Not by the serial number,as far as I know, but there is a reference number on the case. See this link for the deciphering that number :http://www.breitlingsource.com/articles_dating.shtml

Also this link will tell you what the model number stands for:
http://www.breitlingsource.com/articles_refnos.shtml

and what the number on the bracelet means:
http://www.breitlingsource.com/articles_dating.shtml

Hope this helps.

Pete


----------



## 1watchaholic

RXPete said:


> Not by the serial number,as far as I know, but there is a reference number on the case. See this link for the deciphering that number :http://www.breitlingsource.com/articles_dating.shtml
> 
> Also this link will tell you what the model number stands for:
> http://www.breitlingsource.com/articles_refnos.shtml
> 
> and what the number on the bracelet means:
> http://www.breitlingsource.com/articles_dating.shtml
> 
> Hope this helps.
> 
> Pete


Thanks Pete! :-! Now if I can only get the strap off! :-s


----------



## SnapIT

G'day,



> Not by the serial number,as far as I know, but there is a reference number on the case. See this link for the deciphering that number: BS
> 
> Also this link will tell you what the model number stands for:BS
> 
> and what the number on the bracelet means: BS


[rant on]

I think that answering a member's question in this manner is the lazy man's way of participating in one of the best Breitling forums on the web. It shows no effort and basically no direct knowledge of the subject.

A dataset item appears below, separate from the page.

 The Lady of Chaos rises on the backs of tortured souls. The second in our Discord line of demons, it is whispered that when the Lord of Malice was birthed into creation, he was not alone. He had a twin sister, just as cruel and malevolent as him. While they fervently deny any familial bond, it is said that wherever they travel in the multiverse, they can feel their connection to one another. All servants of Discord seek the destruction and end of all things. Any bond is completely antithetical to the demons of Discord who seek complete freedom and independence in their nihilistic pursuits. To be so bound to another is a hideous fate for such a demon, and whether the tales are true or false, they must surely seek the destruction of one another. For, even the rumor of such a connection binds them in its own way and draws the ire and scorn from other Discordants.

Secondly its just bad manners to directly linking to a alternative forum. This forum was on the web at least 5 years before BS came into being. We have much original content and surely as much information to hand as they. We only need ask some pertinent questions of the original poster of this thread to provide specific details that he might want. I see no need to wholesale link back to BS to satisfy the provision of said details.

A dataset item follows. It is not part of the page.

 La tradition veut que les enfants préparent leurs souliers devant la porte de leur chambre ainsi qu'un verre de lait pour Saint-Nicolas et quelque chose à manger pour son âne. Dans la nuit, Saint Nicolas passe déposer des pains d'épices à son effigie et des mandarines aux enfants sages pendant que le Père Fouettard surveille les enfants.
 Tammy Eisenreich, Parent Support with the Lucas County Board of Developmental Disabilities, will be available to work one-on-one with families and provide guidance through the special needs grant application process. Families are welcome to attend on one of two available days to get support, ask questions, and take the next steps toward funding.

The question I would have asked, is the watch from the modern era ie. post 1981-2 or from the old Breitling which folded during the Quartz onslaught of the late 70's. 
What is the model number/serial number engraved on the back if you are uncertain of the above facts.

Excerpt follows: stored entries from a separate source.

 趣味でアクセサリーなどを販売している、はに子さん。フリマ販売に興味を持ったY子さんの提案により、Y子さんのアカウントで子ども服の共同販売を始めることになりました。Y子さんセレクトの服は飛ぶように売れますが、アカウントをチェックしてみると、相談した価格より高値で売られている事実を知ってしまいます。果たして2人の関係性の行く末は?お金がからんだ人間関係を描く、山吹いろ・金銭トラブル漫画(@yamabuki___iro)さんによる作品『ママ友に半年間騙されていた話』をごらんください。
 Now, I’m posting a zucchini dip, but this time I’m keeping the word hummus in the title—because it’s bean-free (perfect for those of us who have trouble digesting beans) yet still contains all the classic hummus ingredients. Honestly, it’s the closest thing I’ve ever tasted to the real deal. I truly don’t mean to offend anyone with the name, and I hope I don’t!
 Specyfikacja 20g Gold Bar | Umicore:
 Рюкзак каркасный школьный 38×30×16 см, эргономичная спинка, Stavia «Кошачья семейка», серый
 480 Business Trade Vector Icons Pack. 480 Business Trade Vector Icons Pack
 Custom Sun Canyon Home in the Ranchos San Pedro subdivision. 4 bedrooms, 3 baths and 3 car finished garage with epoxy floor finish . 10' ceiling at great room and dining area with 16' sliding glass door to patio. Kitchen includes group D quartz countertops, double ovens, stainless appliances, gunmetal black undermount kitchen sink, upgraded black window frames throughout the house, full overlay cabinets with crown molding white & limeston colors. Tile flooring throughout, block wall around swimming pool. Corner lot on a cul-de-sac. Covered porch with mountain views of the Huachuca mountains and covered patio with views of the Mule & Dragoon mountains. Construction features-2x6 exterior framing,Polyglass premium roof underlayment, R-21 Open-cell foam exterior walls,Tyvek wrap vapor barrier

With that information all of the necessary details could have been given to our member.

And one of the informative threads by Ron from right here in the 
Articles section of this forum.....

https://www.watchuseek.com/showthread.php?t=64407

[/rant off]


----------



## O2AFAC67

SnapIT said:


> ...Its just bad manners to directly linking to a alternative forum. This forum was on the web at least 5 years before BS came into being. We have much original content and surely as much information to hand as they. We only need ask some pertinent questions of the original poster of this thread to provide specific details that he might want. I see no need to wholesale link back to BS to satisfy the provision of said details.


Further, BS has utilized quite a bit of information from our forum including photos to enhance the authoritative nature of their forum. One example is the description of the Windrider Cockpit Lady which has one of my pics of wifey's CL for reference without attribution to the source. I don't mind contributing over there to help disseminate what little knowledge of the brand I've gained in the past but other than posting a for sale ad and pics every now and then, it's not one of my favorite hangouts...
:think:
Best,
Ron


----------



## bnewbie

You can tell it on the watches prior to 1978.


----------



## RXPete

G'Day SnapIT,

In response to your "[rant on]" , The objective of my post was to help a fellow member with a question. It seems I answered well because his response was favorable.



> I think that answering a member's question in this manner is the lazy man's way of participating in one of the best Breitling forums on the web. It shows no effort and basically no direct knowledge of the subject.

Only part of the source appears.